Esta mañana, como todos los días, sean o no festivos, me he levantado muy temprano. Los trabajadores autónomos solemos desarrollar este hábito, no por devoción o virtud sino por la costumbre que impone la necesidad de estar siempre disponible. Según tomaba el primer café, he recibido la tristísima noticia del fallecimiento de Javier Castro Villacañas, abogado, periodista, columnista y autor de numerosos libros. Un hombre tal cual, sin aditamentos, un repúblico irreductible con el que se podía o no estar de acuerdo, pero que siempre, que yo recuerde, se mantuvo firme en sus convicciones, por más que fuera consciente de que renunciar a ellas ocasionalmente, como es norma general en esta España, facilita muchos las cosas.

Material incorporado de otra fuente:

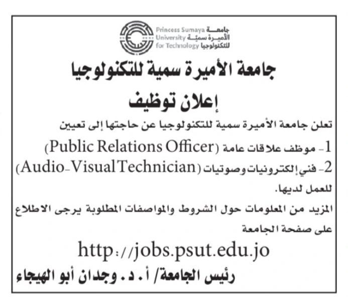إعلان توظيف في جامعة الأميرة سمية للتكنولوجيا – وظائف علاقات عامة وفني إلكترونيات وصوتيات
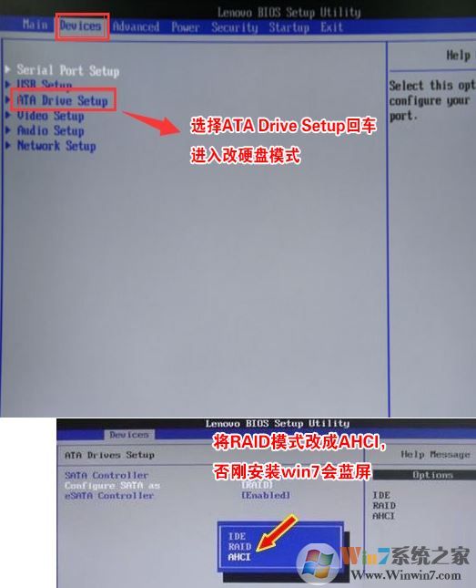 4、將鍵盤移動Devices選項(xiàng),把鍵盤移動ATA Drive Setup回車,將configure SATA as中默認(rèn)的raid改成ahci模式,否則安裝win7時(shí)會出現(xiàn)0x0000007b藍(lán)屏,因?yàn)閣in7中沒有集成raid硬盤驅(qū)動,然后選擇F10保存設(shè)置,在彈出的選項(xiàng)中選擇YES,如下圖所示;
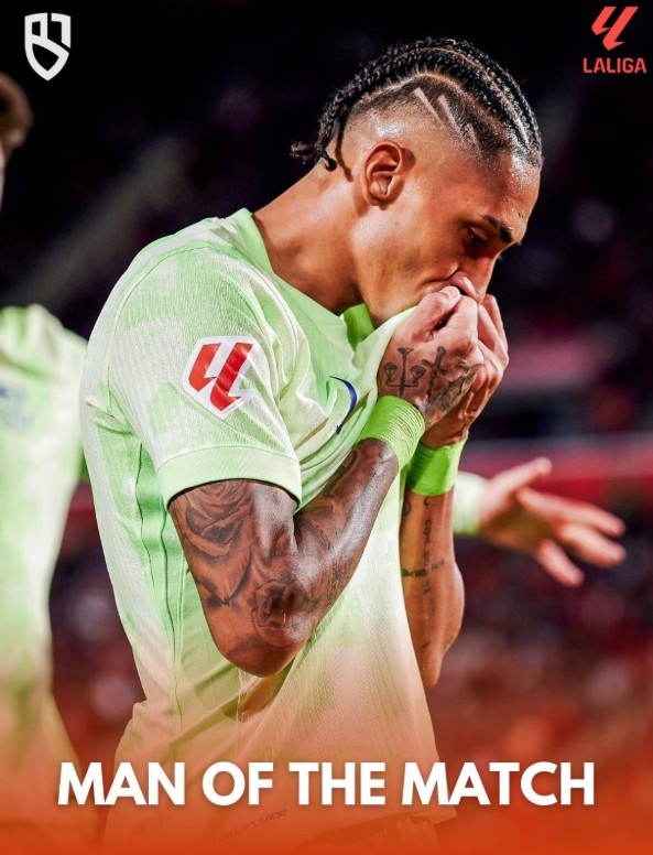12月4日訊 西甲第19輪,巴塞羅那5-1客勝馬洛卡,賽后,拉菲尼亞當(dāng)選全場最佳。

Javier, además de escribir en varios diarios, tenía aquí, en Disidentia, su espacio de autor. Yo, por mi parte, he tenido el privilegio de participar en el programa de radio que dirigía y que, lamentablemente, ha sido su última incursión en el debate público, “Queridos camaradas” se llamaba.
«El sentido de la vida no es lograr el éxito, el reconocimiento o el dinero, sino estar en paz con tu conciencia. Esforzarte por lograrlo, aunque fracases mil veces, es el mejor tributo que puedes rendir a los capitanes Miller que nos van dejando»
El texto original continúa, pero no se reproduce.